Глава I ОКРЕСТ ДОРЛКОУТСКОЙ МЕЛЬНИЦЫ

   По широкой равнине, раскинув зеленые берега, спешит к морю Флосс, и прилив, как нетерпеливый влюбленный, стремясь реке навстречу, сливается с нею в пылком объятии. Этот могучий прилив несет темные корабли, груженные смолистыми сосновыми досками, тугими мешками льняного семени или черным сверкающим углем, к городку Сент-Огг, что стоит между невысоким лесистым холмом и обрывистым берегом реки; крутые крыши из красной черепицы и широкие фронтоны портовых складов, загораясь под мимолетным взглядом февральского солнца, бросают на воду мягкие багряные блики. По обе стороны тянутся вдаль тучные пастбища и полоски темной земли, вспаханной под весенние посевы или покрытой нежным пушком озими. Кое-где еще видны золотые шапки прошлогодних стогов, и над живыми изгородями повсюду кроны деревьев; кажется, что мачты и коричневые паруса проплывающих вдали судов вздымаются прямо из ветвей раскидистого ясеня. Сразу за красноверхим городком во Флосс впадает его приток — Рипл. Как красива эта быстрая речушка, покрытая живым узором темной ряби! Когда я брожу по ее берегам и внимаю ее тихому, спокойному голосу, словно голосу любящего, хотя и неспособного услышать меня друга, она представляется мне живым существом. Мне не забыть старых ив, купающих ветви в воде. Мне не забыть каменного моста.
   А вот и Дорлкоутская мельница.
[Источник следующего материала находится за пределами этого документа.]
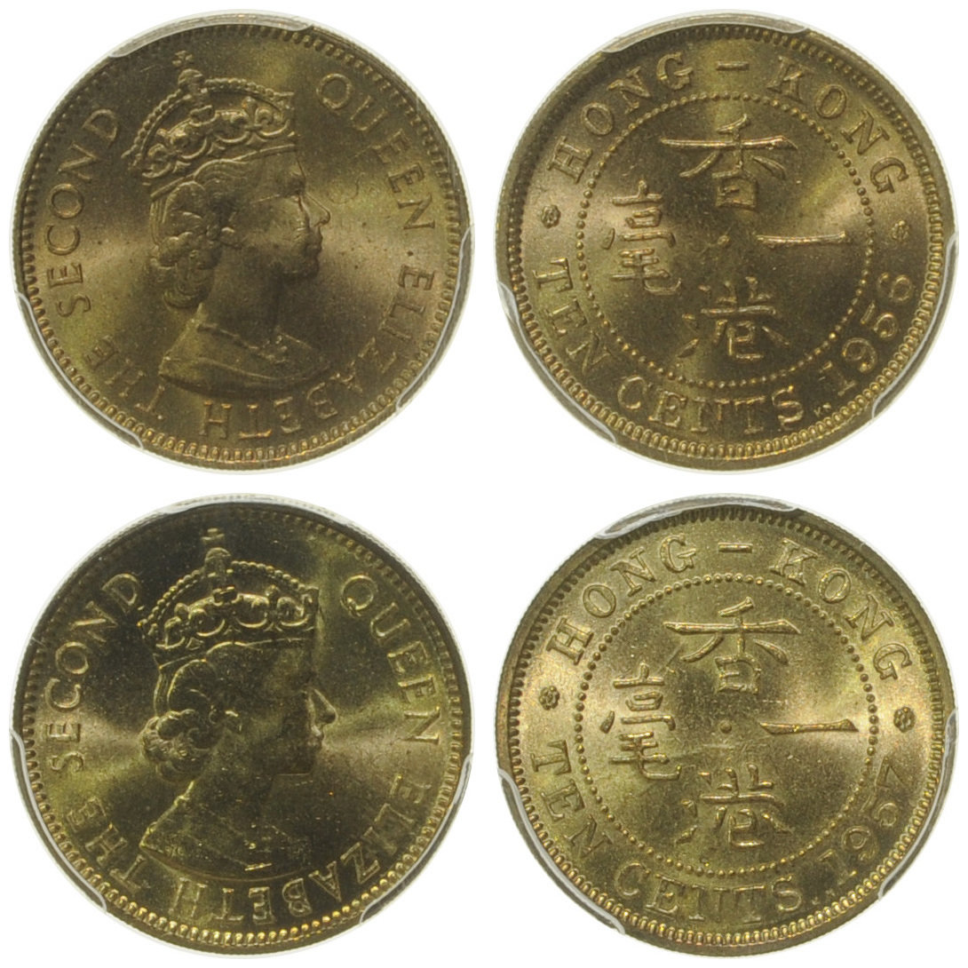 Hong Kong, a lot of 2 coins, 10 cents, 1956-KN, 1957-KN, bust of Elizabeth II on obverse,
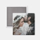 Esta simple boda fotográfica de moda, salvo la fecha en que el imán frigorífico tiene un diseño cálido y minimalista. Presenta un moderno y animado texto Guardar la fecha por encima de sus nombres y fecha y ubicación boda. Esta secuencia de comandos Guardar la fecha no se puede modificar. Puede cambiar el color, el tamaño y el tipo de letra de cualquiera de los demás textos. Utilice las herramientas de diseño intuitivo y su foto favorita para que esta elegante boda ahorre el imán de fecha que es único suyo. También ofrecemos un diseño similar en este tipo de imán sin la ubicación del boda, para un aspecto más sencillo. Y por favor revise nuestra tienda para este diseño en tarjetas planas y postales, así como una selección de otros modernos y elegantes, ¡salven las fechas!

Не могу не постоять минуту-другую на мосту, чтобы полюбоваться на нее, хотя на небе собираются тучи и уже близок вечер. Даже сейчас, на исходе февраля, когда деревья еще не оделись листвой, на нее приятно смотреть, а возможно, холодная и сырая погода только прибавляет очарования уютному чистенькому домику, такому же старому, как вязы и каштаны, укрывающие его от порывов северного ветра. Река полна до краев, вода поднялась так высоко, что затопила лозняк и покрыла чуть ли не всю лужайку перед домом. Когда я гляжу на полноводный поток, на сочную траву, на нежный светло-зеленый лишайник, скрадывающий очертания могучих, чуть поблескивающих стволов и путаницу ветвей на пурпурных обнаженных суках, мне думается — нет ничего прекраснее воды, и я завидую белым уткам, которые плавают среди лозняка и окунают свои головки глубоко в воду, не заботясь о том, какая непривлекательная картина открывается взору тех, кто глядит на них сверху.
   Шум воды и гул мельницы, словно огромная завеса из Звуков, отделяют вас от внешнего мира и, навевая немую дрему, как будто еще усиливают безмятежный покой всего окружающего. Но вот слышится грохот — это катит домой громадный фургон, набитый мешками с зерном. Честный возница думает об обеде, который — увы! — все еще томится в печи, несмотря на поздний час; но он не прикоснется к нему, пока не накормит своих лошадей — выносливых безответных животных, которые, чудится мне, с мягким укором поглядывают на него из-за шор своими кроткими глазами: к чему так ужасающе щелкать над их головами кнутом — точно они нуждаются в этом намеке! Видите, как они напрягают все мышцы, одолевая подъем к мосту, тем усерднее, чем ближе они к дому. Посмотрите на их громадные с мохнатыми бабками ноги, словно впивающиеся в землю, на их сильные выи, покорно склоненные под тяжелыми хомутами, на могучие крупы с играющими под кожей мускулами. Хотелось бы мне услышать их ржание, когда они получат свой заработанный тяжким трудом овес, поглядеть, как опустив освобожденные от упряжи потные шеи, они нетерпеливо погрузят морды в мутную воду пруда. Вот они уже на мосту, а там — вниз, все ускоряя свой бег, и задок фургона скрывается за деревьями на повороте дороги.
   Теперь я могу снова обратить взор к мельнице и глядеть, как из-под неутомимого колеса вылетают алмазные струи. Вон та маленькая девочка в меховом капоре тоже смотрит на реку; с тех пор, как я на мосту, она не двинулась со своего места у самой воды. Смешная белая собачонка с коричневым ухом прыгает и ревниво лает на колесо, безуспешно протестуя против того, что ее подруга столь поглощена его движением. Я думаю, девочке пора бы уже домой, где так заманчиво горит яркий огонь — красноватые отблески пламени далеко видны в сгущающихся сумерках. Пора и мне убрать локти с холодного каменного парапета моста…
   Ах, у меня и в самом деле онемели руки. Все это время мои локти тяжело опирались на ручки кресла, и мне чудилось, что я стою на мосту перед Дорлкоутской мельницей, точно такой, какой она была февральским вечером много лет назад. До того как я задремала, я собиралась поведать вам, о чем говорили мистер и миссис Талливер, сидя в гостиной у пылающего камина в тот самый день, который мне приснился.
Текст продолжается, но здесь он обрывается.